In short, the premise that world capitalism has played itself out and the long-awaited "final conflict" for socialism is close at hand flies in the face of reality. The old estimate which Mohideen deems still valid has propelled us down the path of apocalyptic fantasies and pseudo-revolutionary posturing and has been a major factor in the left's political marginalisation.

But Mohideen simply dismisses all this evidence of capitalism's staying power by noting that Lenin had held out the possibility that capitalism might continue to grow in an era of decay. Thus does dogma neatly dispose of historical realities — with a quotation.

None of this is to suggest that capitalism is either just or crisis-free. Then again, it never has been. But if exploitation is the motor that makes capitalism run, crisis has been the engine for a process of adaptation and self-correction which has served the system as a whole remarkably well. Does all this mean that capitalism has "won", a view Mohideen wrongly attributes to me? Of course not. But it obliges us, it seems to me, to review all past assessments of its probable life span as well as all previous strategies for replacing it with socialism.

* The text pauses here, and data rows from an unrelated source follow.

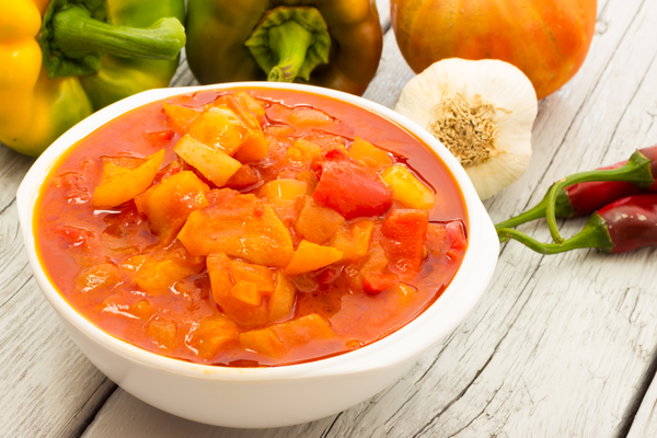 Летнее итальянское блюдо, которое представляет собой тушеный перец с помидорами, чесноком и базиликом.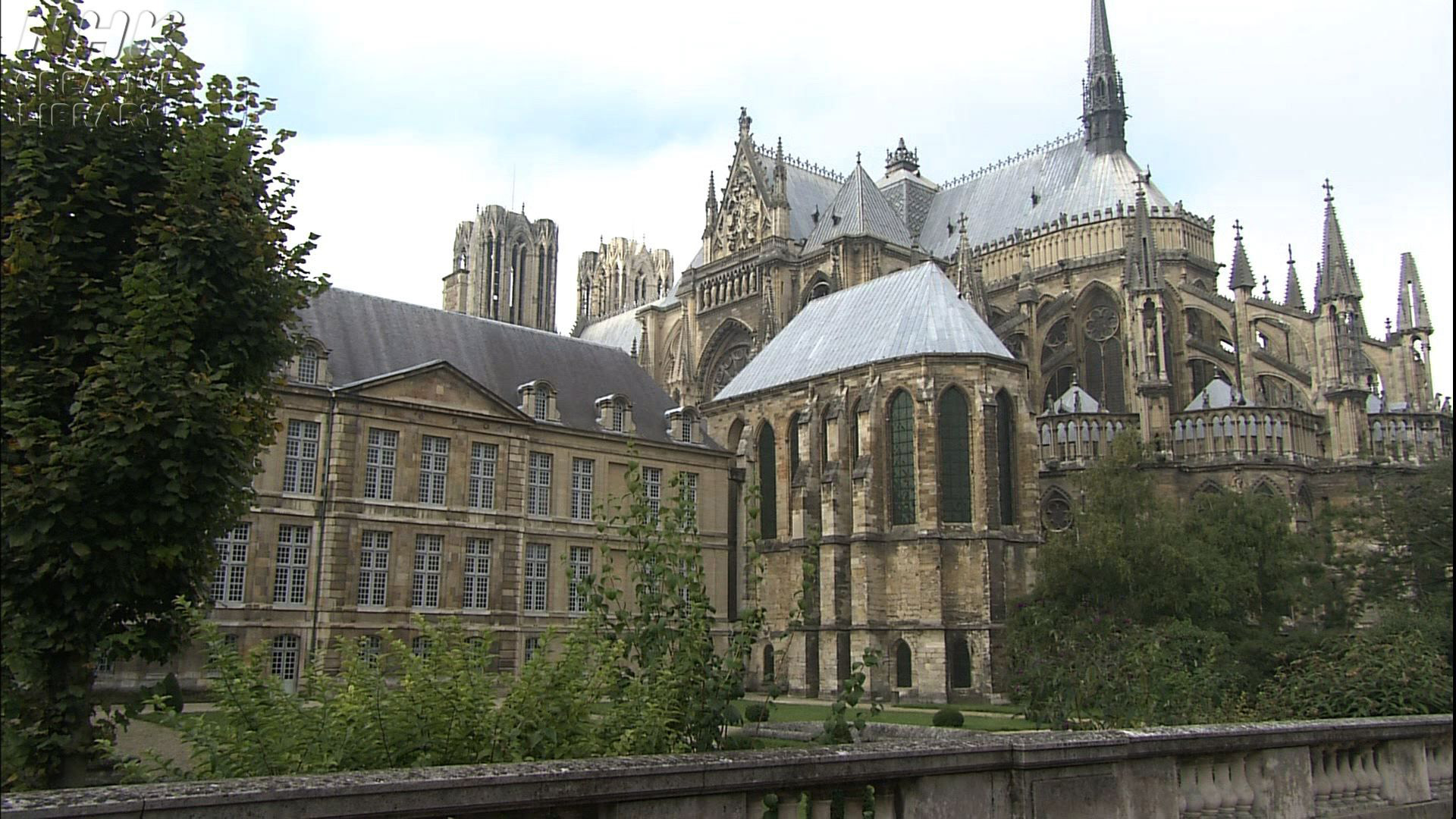 ノートルダム大聖堂 ロングショット フランス北部 ランス 素材NHKアーカイブス。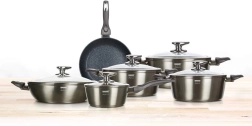Kompletní sada nádobí pro každodenní vaření i náročné recepty. Obsahuje hrnce a pánve z litého hliníku s tvrdým nepřilnavým povrchem odolným proti poškrábání, plně indukčním dnem a skleněnými poklicemi se nerezovými úchyty. Díky vysoké tepelné vodivosti vaří rychle a úsporně a dlouho udržuje teplotu.
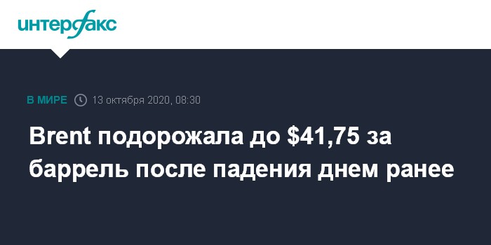 Brent подорожала до $41,75 за баррель после падения днем ранее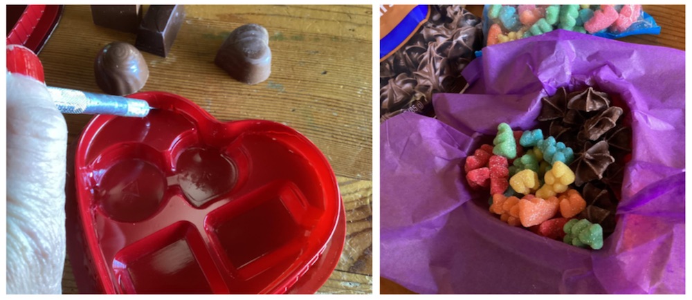 Want to make it even more fun? Remove the chocolate that came with the box. (Aw darn, I guess we’ll have to go ahead and eat that discarded chocolate.) Now, fill the right half of the box with some dark chocolate pieces or black licorice and the left half with bright-colored candies like Skittles or neon-colored gummy candies.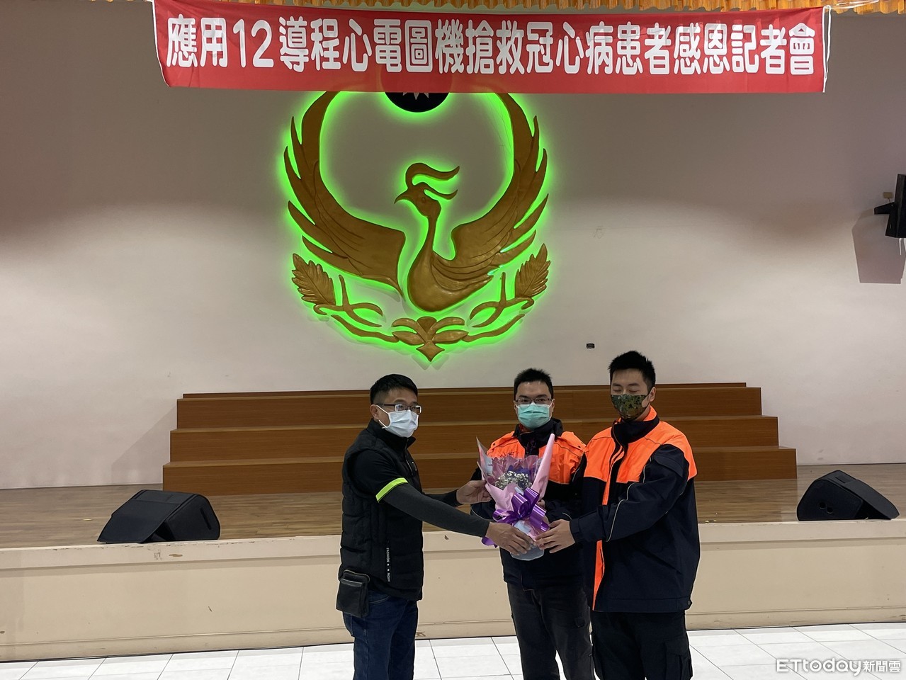 台南市消防局18日舉辦應用12導程心電圖機搶救冠心病患者感恩記者會,邀請經由119救護車載送疑似冠心病患者送醫救治而重獲新生的病患,現身感謝救護人員及時從鬼門關拉回,肯定消防局執行到院前12導程心電圖系統工作的成效。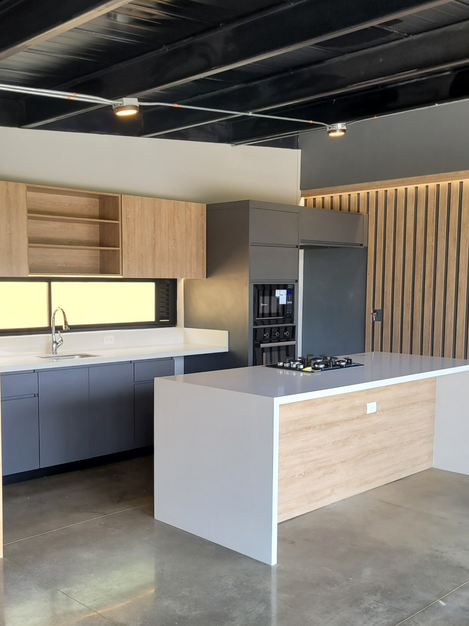 Es una casa de 150 metros cuadrados, con un diseño en construccion híbrida es decir las habitaciones están hechas de módulos y las aréas sociales en estructura metálica.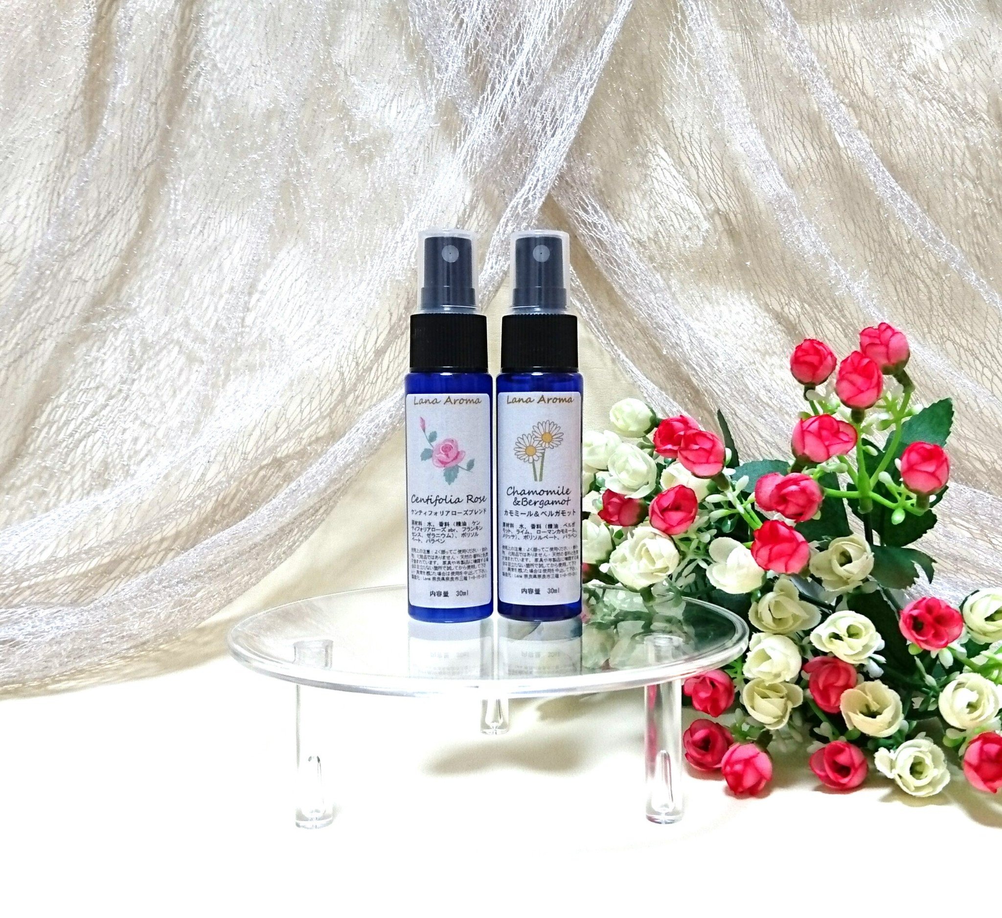 ローズは気持ちを盛り上げたいとき、カモミールは心を解したいときに使っていただきたい香りです。

There is another side to the theoretical challenge facing those who remain committed to putting socialism back on the historical agenda. We need to sum up the Soviet experience and develop a new perspective on the nature of socialism itself.

In my book, I argue that we need to explore anew Marx's concept of socialism as a transitional society which would inevitably have characteristics of both its capitalist predecessor and its communist successor. (This is not to suggest that this transition will be a brief one. Far from it. It will undoubtedly constitute an entire historical epoch in its own right.) In the last year of his life Lenin also began to delve into this concept in a concrete fashion, ultimately acknowledging "a radical modification in our whole outlook on socialism".

The essence of Marx's concept and Lenin's "radical modification" is the notion that socialist society will, for a considerable period of time, be based on a mix of economic relations. But to Mohideen, such ideas are a source of great anxiety since they are being raised not simply by Silber but "in the debates taking place over political strategy in El Salvador, Nicaragua and South Africa". (They are also being implemented, of course, in China, Vietnam and, to a certain extent, in Cuba.) And so far as she is concerned, these views "are the basis on which the revolutionary perspective is abandoned".

There is something pathetically sad in the grim conviction with which Mohideen has shut her mind to the processes of strategic exploration now going on in the world — not simply in theoretical debates but in the actual motion of politics. I suppose that's easier than reconsidering past certainties which haven't panned out. But even a little uncertainty would have been refreshing.